:: DATA UNDER STUDY ::

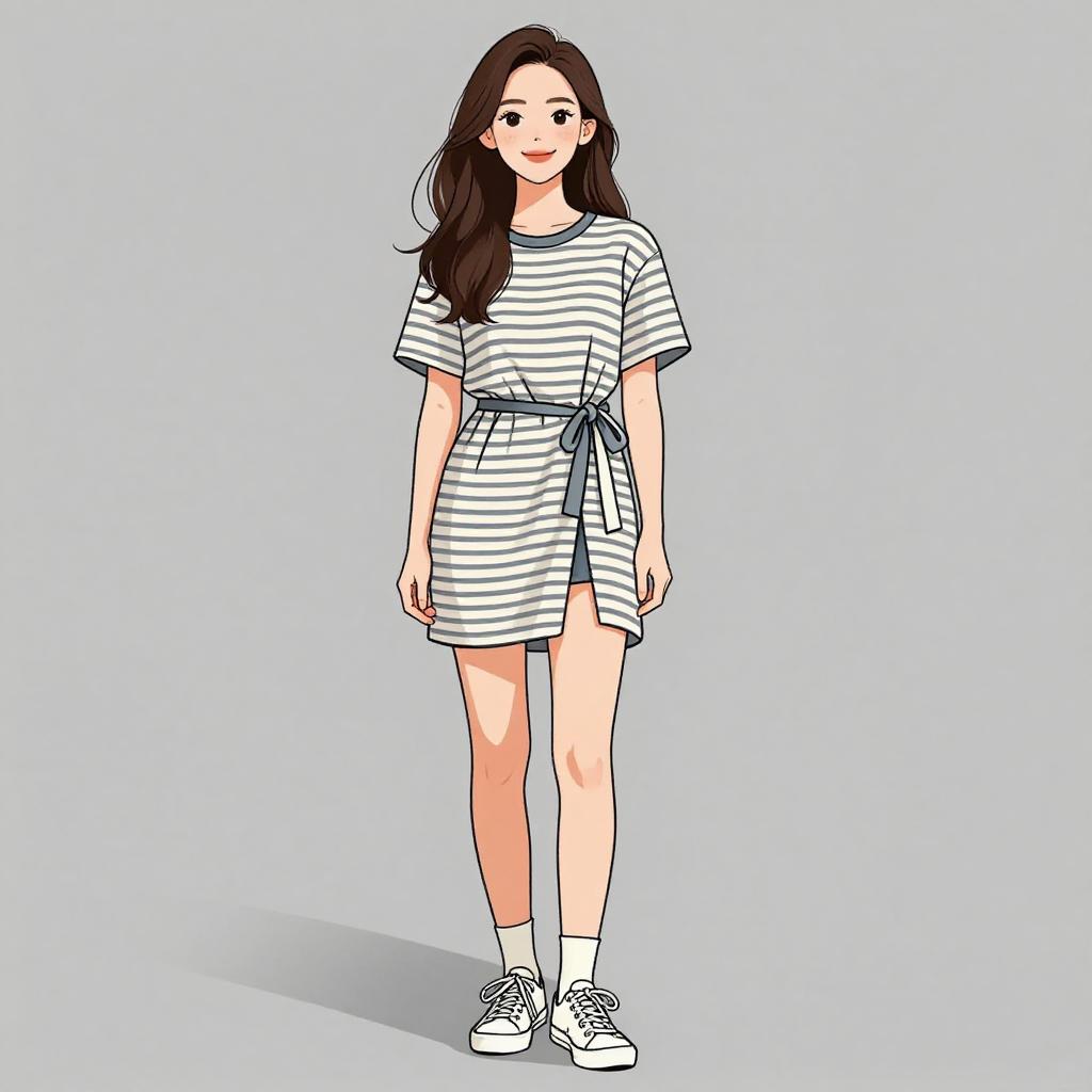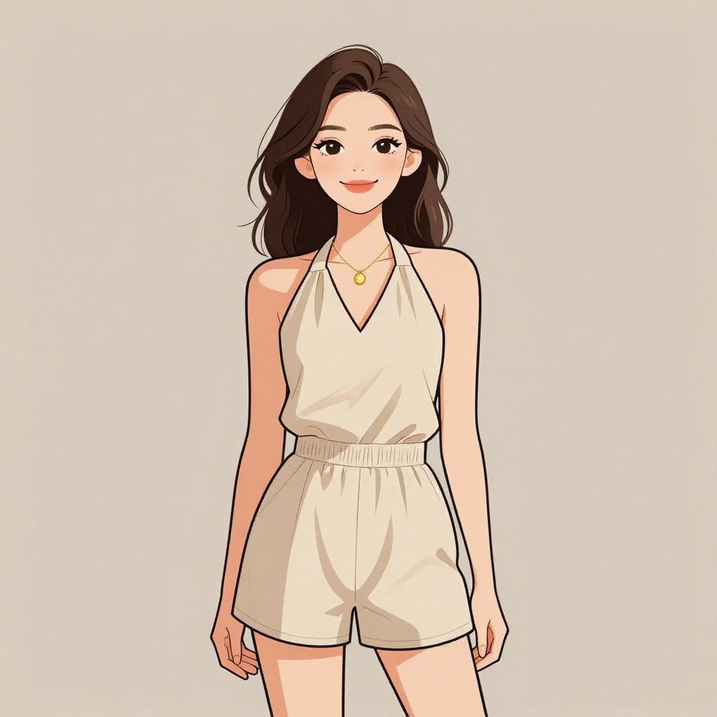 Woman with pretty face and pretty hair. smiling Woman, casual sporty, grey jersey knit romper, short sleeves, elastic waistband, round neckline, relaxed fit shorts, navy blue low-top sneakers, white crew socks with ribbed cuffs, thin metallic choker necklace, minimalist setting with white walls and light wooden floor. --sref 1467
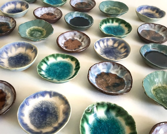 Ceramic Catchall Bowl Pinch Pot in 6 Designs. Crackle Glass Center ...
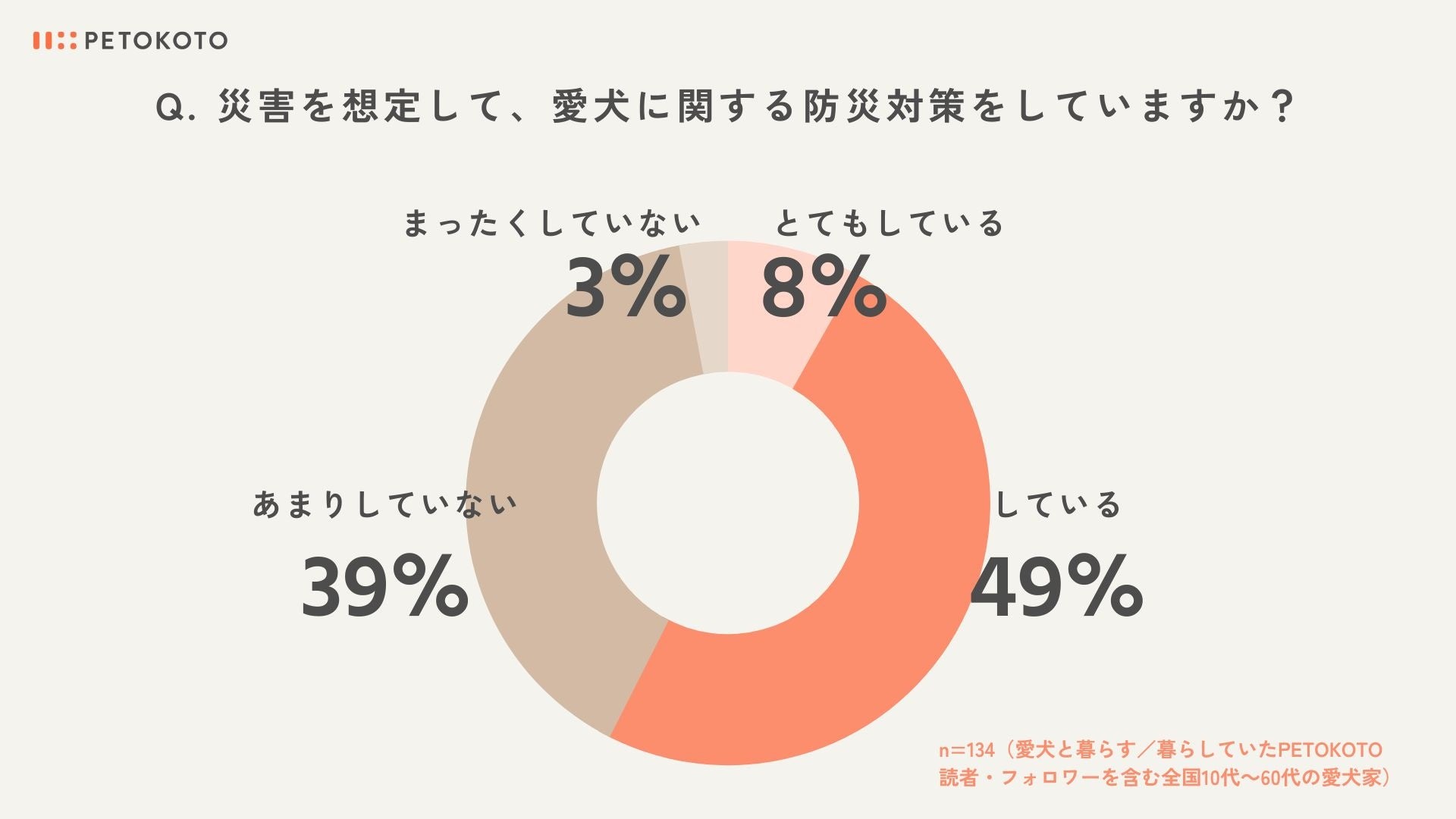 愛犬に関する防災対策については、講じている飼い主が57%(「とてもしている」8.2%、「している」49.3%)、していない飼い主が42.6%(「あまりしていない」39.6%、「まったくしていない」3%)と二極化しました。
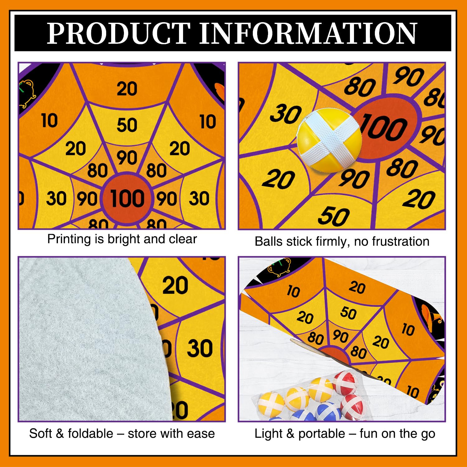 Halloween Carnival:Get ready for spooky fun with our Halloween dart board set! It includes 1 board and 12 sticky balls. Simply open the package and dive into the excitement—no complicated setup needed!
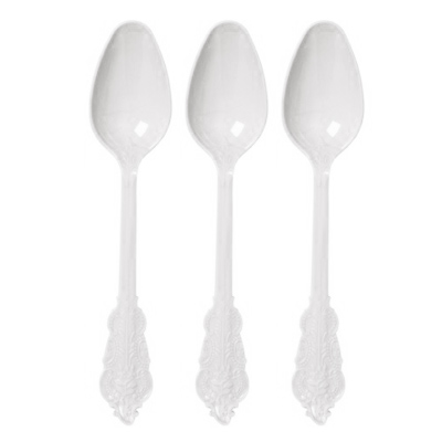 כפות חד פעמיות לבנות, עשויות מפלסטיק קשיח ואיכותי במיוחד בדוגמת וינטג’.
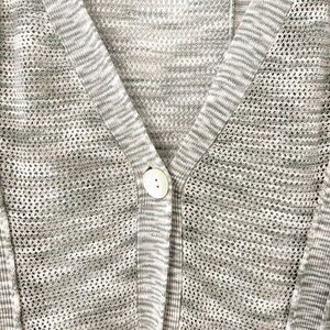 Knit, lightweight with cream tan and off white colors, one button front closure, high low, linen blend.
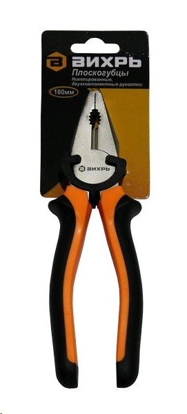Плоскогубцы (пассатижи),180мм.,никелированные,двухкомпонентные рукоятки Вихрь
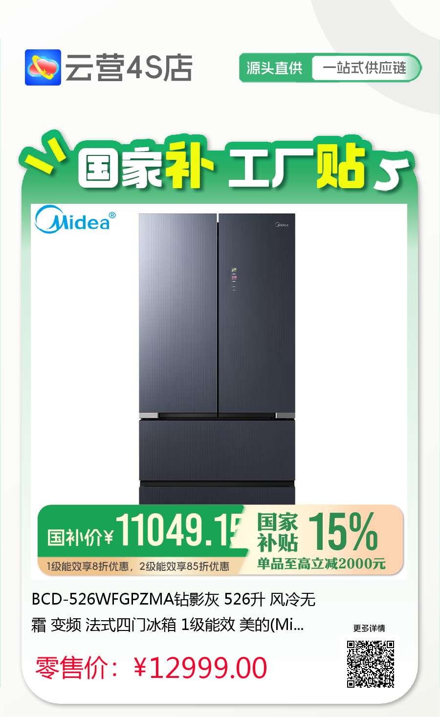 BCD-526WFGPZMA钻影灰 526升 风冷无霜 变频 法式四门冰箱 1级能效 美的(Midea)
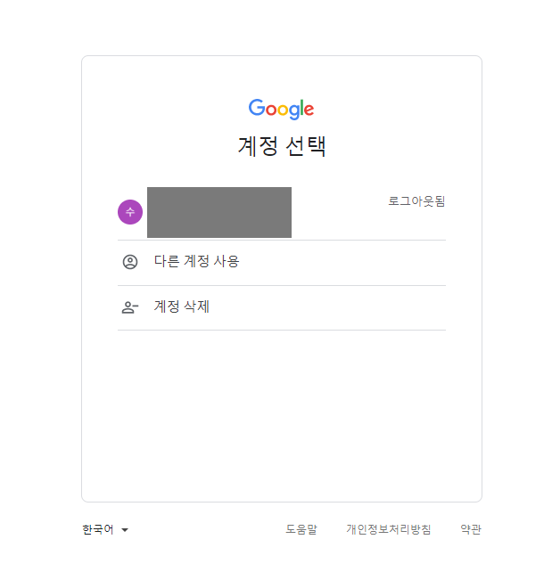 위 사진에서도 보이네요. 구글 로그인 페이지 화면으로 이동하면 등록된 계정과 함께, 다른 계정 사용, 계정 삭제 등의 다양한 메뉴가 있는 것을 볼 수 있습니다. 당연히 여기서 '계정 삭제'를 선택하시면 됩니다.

:::

Starting with the line that contains "Knit, lightweight with", reproduce every line down to the end of the listing above, both endpoints included. Pictures stay out.

▶ [SOLUTION TO THIS TASK]
 Knit, lightweight with cream tan and off white colors, one button front closure, high low, linen blend.
Плоскогубцы (пассатижи),180мм.,никелированные,двухкомпонентные рукоятки Вихрь
 BCD-526WFGPZMA钻影灰 526升 风冷无霜 变频 法式四门冰箱 1级能效 美的(Midea)
 위 사진에서도 보이네요. 구글 로그인 페이지 화면으로 이동하면 등록된 계정과 함께, 다른 계정 사용, 계정 삭제 등의 다양한 메뉴가 있는 것을 볼 수 있습니다. 당연히 여기서 '계정 삭제'를 선택하시면 됩니다.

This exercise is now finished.